My sister and I were not born twins. Yet for the majority of our young lives, our mother dressed us as such to the most adorable effect possible. Whenever one of us got a new outfit, the other one got a new outfit. The same new outfit. When we went to church, we always wore the same fancy dress: at thanksgiving, same dress; at christmas parties, same dress. Basically any event, same dress. We were always told how adorable we looked, and this positive reinforcement was enough for our mother to continue with this pattern as long as she shopped for us. The two of us got so used to looking exactly like the other that the sense of being the other sister’s half never really went away.
Of course most of our similarities ended with being dressed in matching outfits. She is happy, perky, a constant optimist, unconscious of fashion trends, and rarely in the mood to look as beautiful as possible. I’m not. As a child, I was a dark cloud, moody, practical, blithely aware of fashion trends, and desperate to look as good as possible. She was also a stick, and I was a fat child.
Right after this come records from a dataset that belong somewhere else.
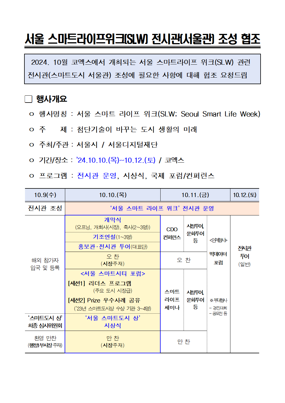 SH공사에서 서울 스마트라이프위크(SLW) 전시관(서울관)을 조성하오니 참여하실 분 또는 관심있는분께서는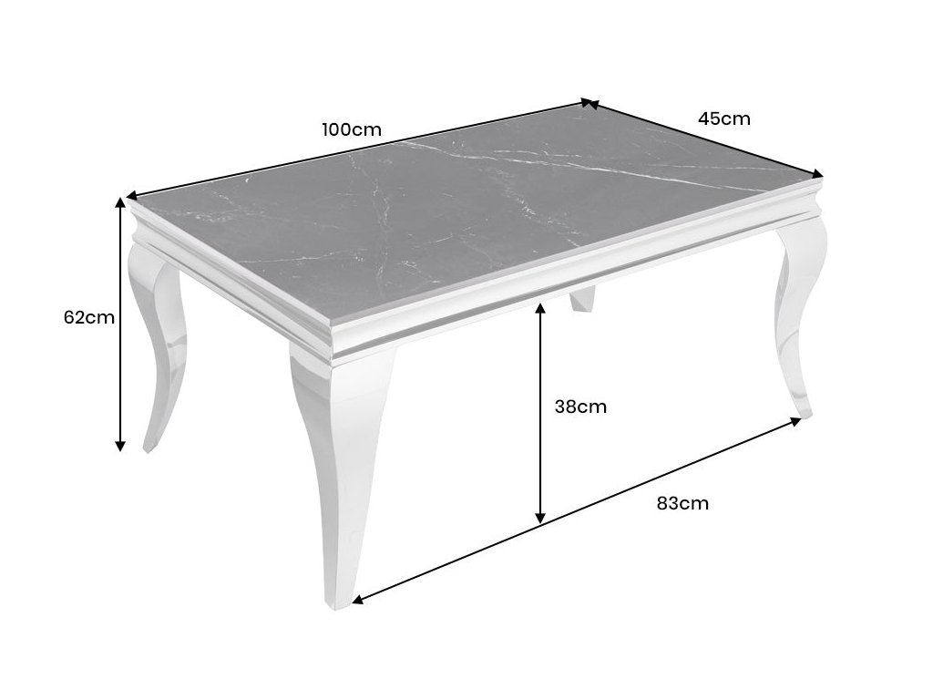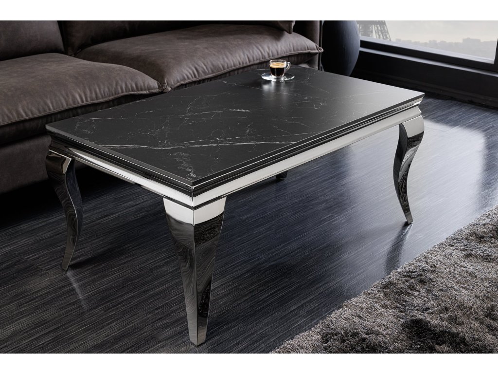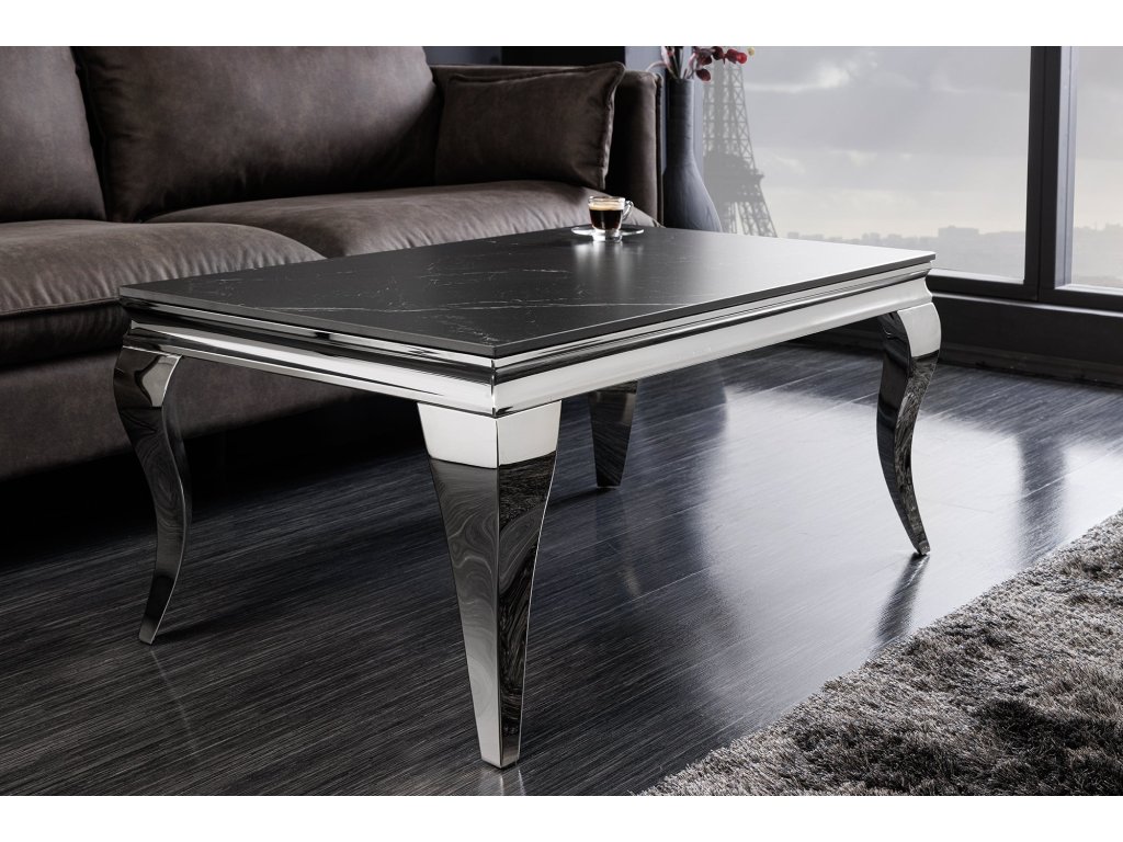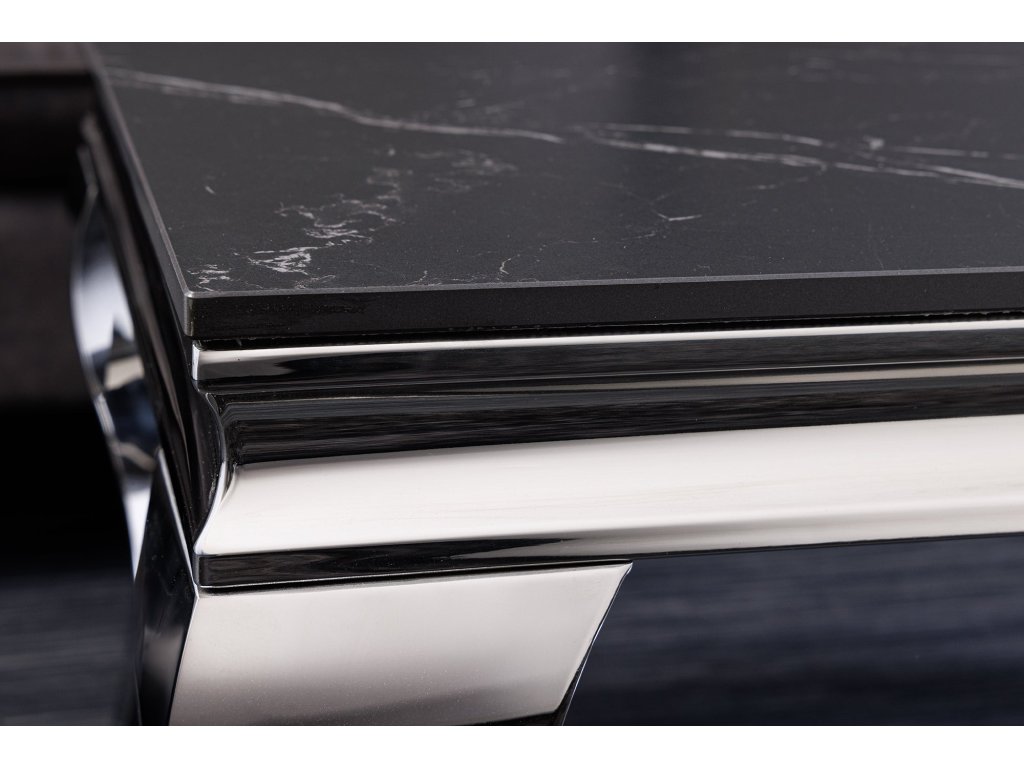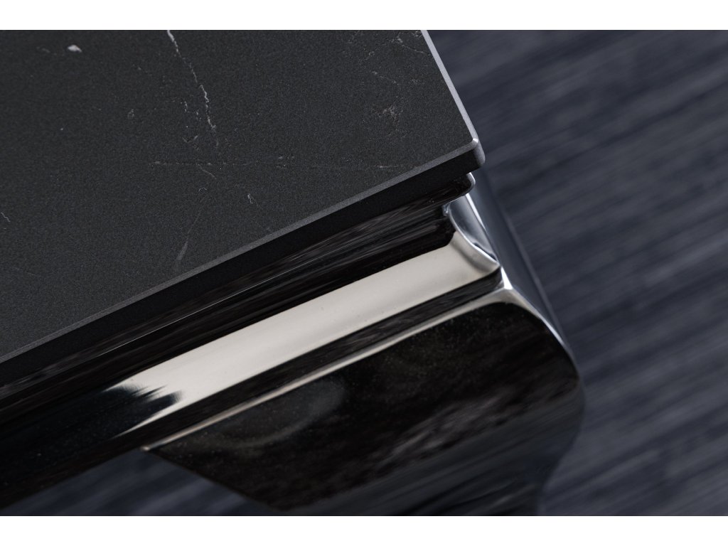 Tento konferenční stolek kombinuje slnitý kámen v tmavém mramorovém vzhledu s precizně tvarovanými nerezovými nohami v lesklém chromu. Výsledkem je výrazný, ale vyvážený kus nábytku, který se hodí do elegantních a reprezentativních interiérů. Jemně profilované nohy dodávají stolku lehkost a lehce klasický nádech, zatímco tmavá deska zachovává moderní charakter. Odolný povrch je vhodný pro každodenní používání a snadnou údržbu.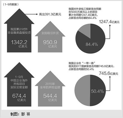 “快速增长是2016年中国对外投资的主旋律。”沈丹阳说,1—9月,我国对外非金融类直接投资较同期全国吸引外资(950.9亿美元)高出391.3亿美元。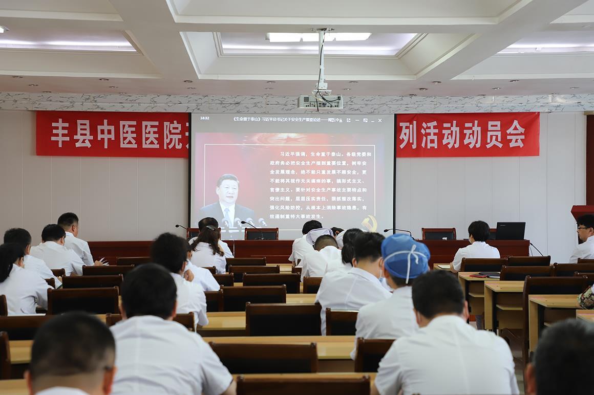 今年是第20个全国“安全生产月”,其主题是“落实安全责任,推动安全发展”。为全面贯彻落实习近平总书记关于安全生产的重要论述和对江苏安全生产工作的重要指示批示精神,根据县卫健委《关于开展2021年全县卫生健康系统“安全生产月”活动的通知》,全面做好医院安全防控工作,增强职工的安全事故防范处置意识,5月31日下午,我院召开”安全生产月”系列活动动员会,院领导班子、全体中层干部参会。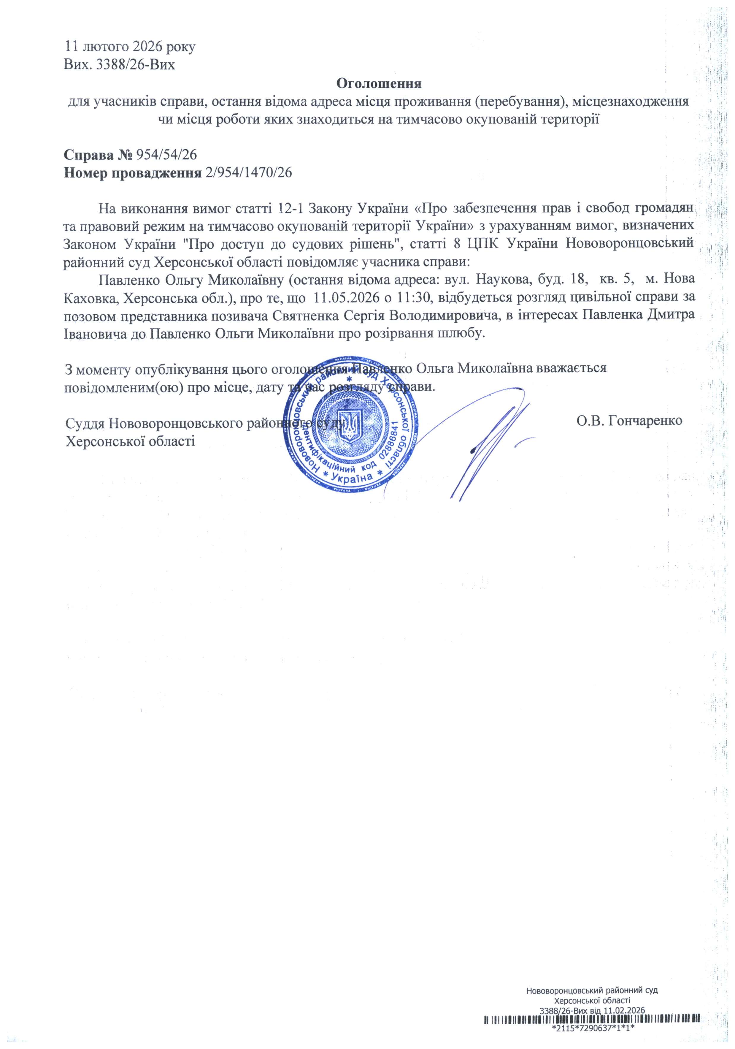 До суду викликається Павленко Ольга Миколаївна на 11 год. 30 хв. 11 травня 2026 року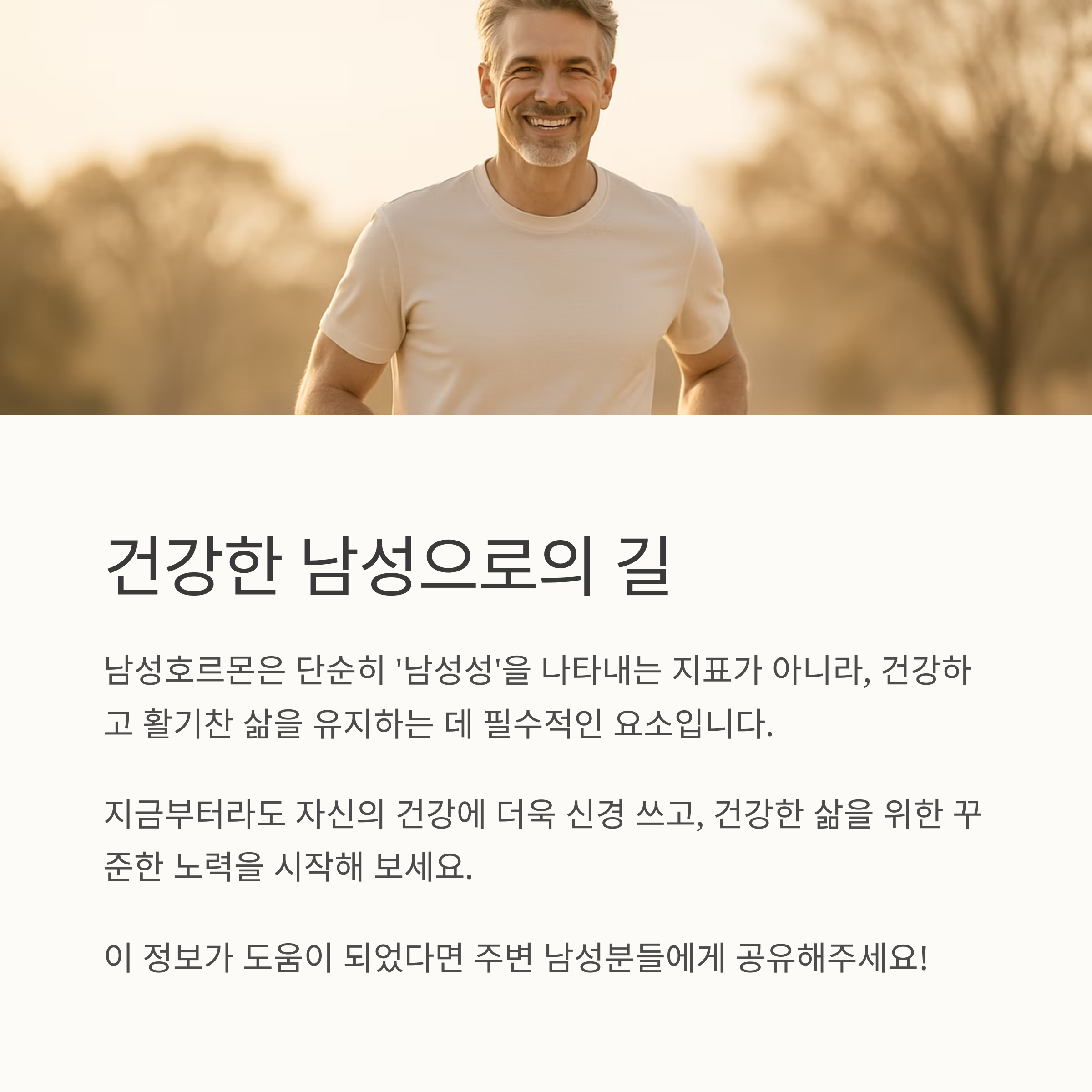 안녕하세요. 오늘은 남성 여러분의 건강에 중요한 영향을 미치는 남성호르몬에 대해 자세히 알아보는 시간을 갖도록 하겠습니다. 나이가 들면서 자연스럽게 변하는 부분이지만, 남성 호르몬 부족 증상이 심각해지기 전에 미리 알고 대처하는 것이 중요하다는 점을 강조하며 시작해보겠습니다. 건강한 삶을 위한 첫걸음을 함께 해요!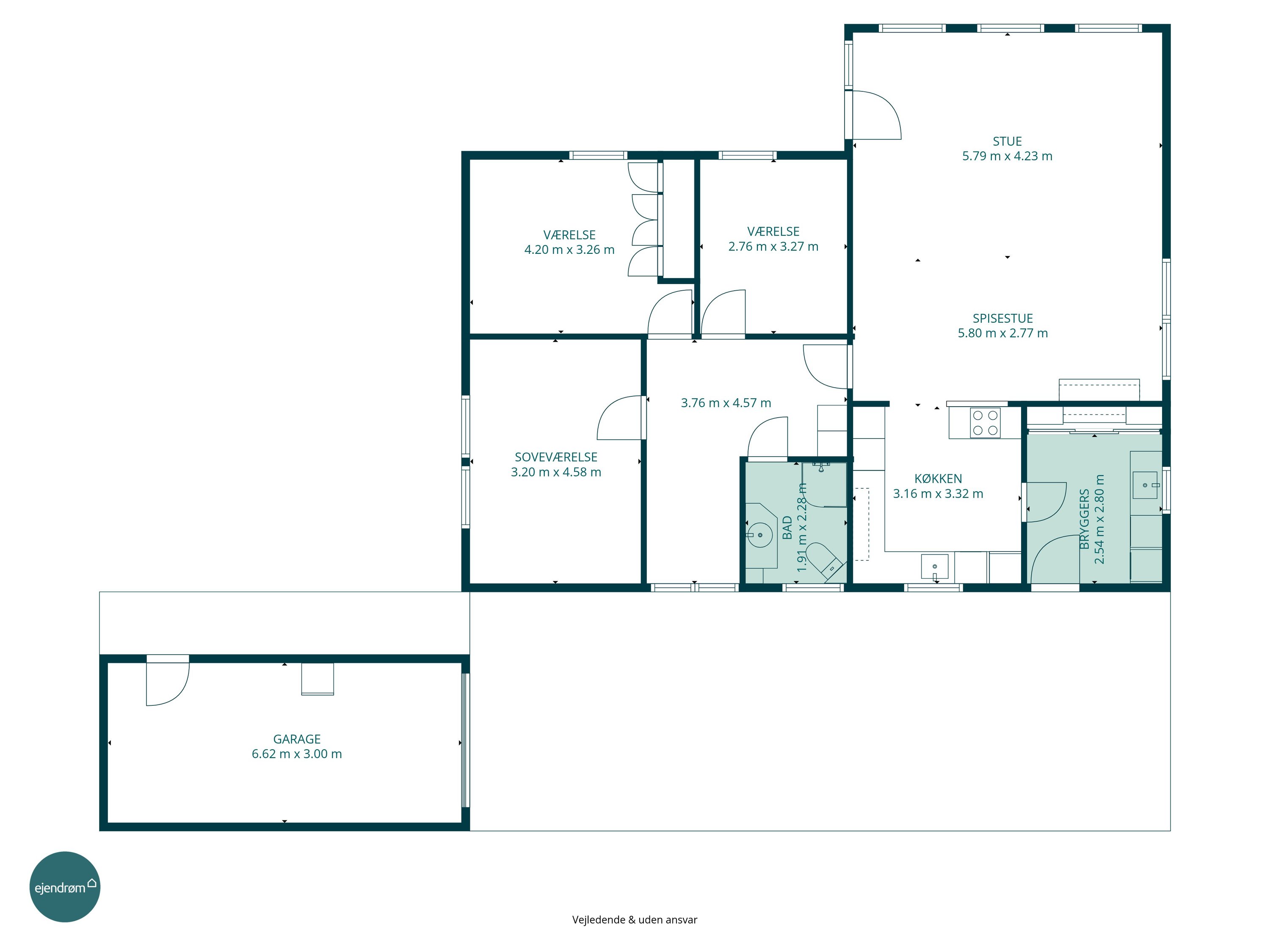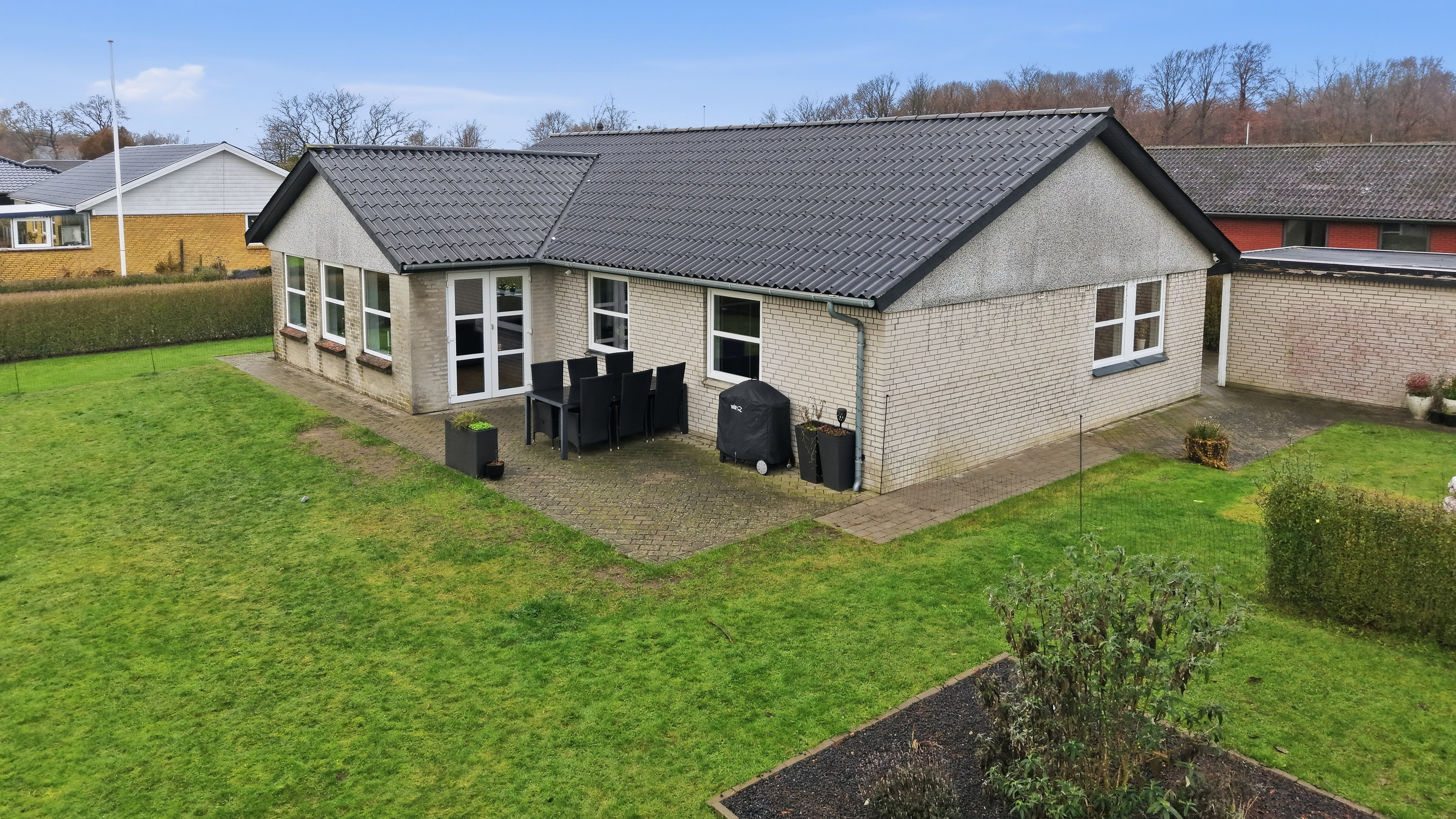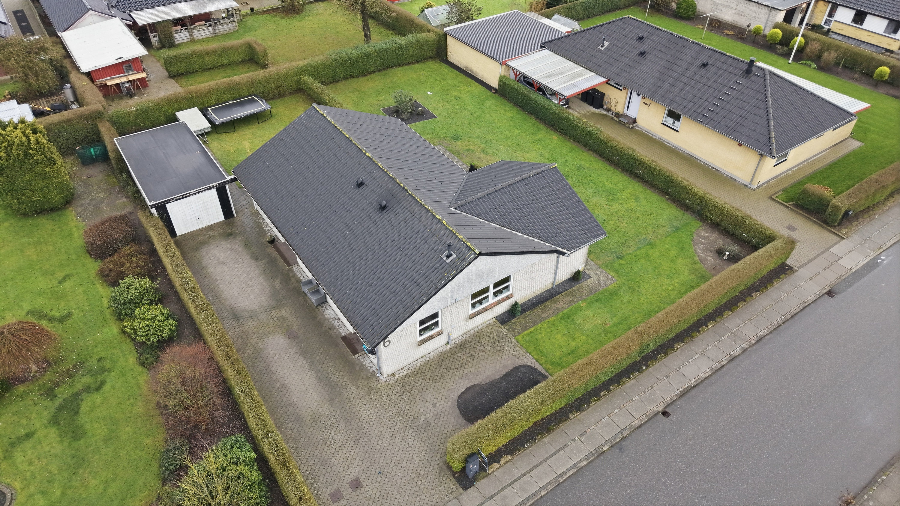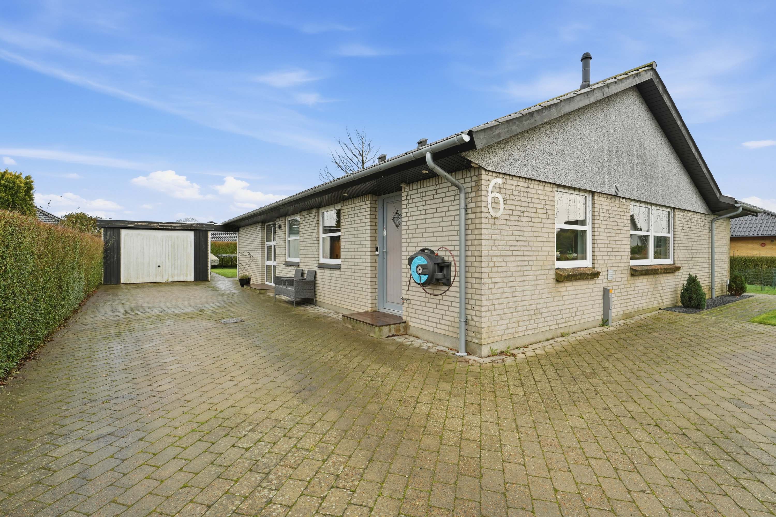 Haven er overskuelig og nem at holde, og den tilhørende garage på 25 m² giver gode muligheder for både bil, værksted eller opbevaring.

We balanced each other out in almost all ways, and grew so dependent on the other, that we never really grow out of.
Today we don’t match. We don’t wear the same clothing, have the same ambitions, or even live under any roofs together. Ye we are each other’s perfect match. We finish the other’s sentence, depend on each other for life advice, and constantly feel a hole in our life when the other is not there. We’ve grown up, we’ve changed, but we’re still matching.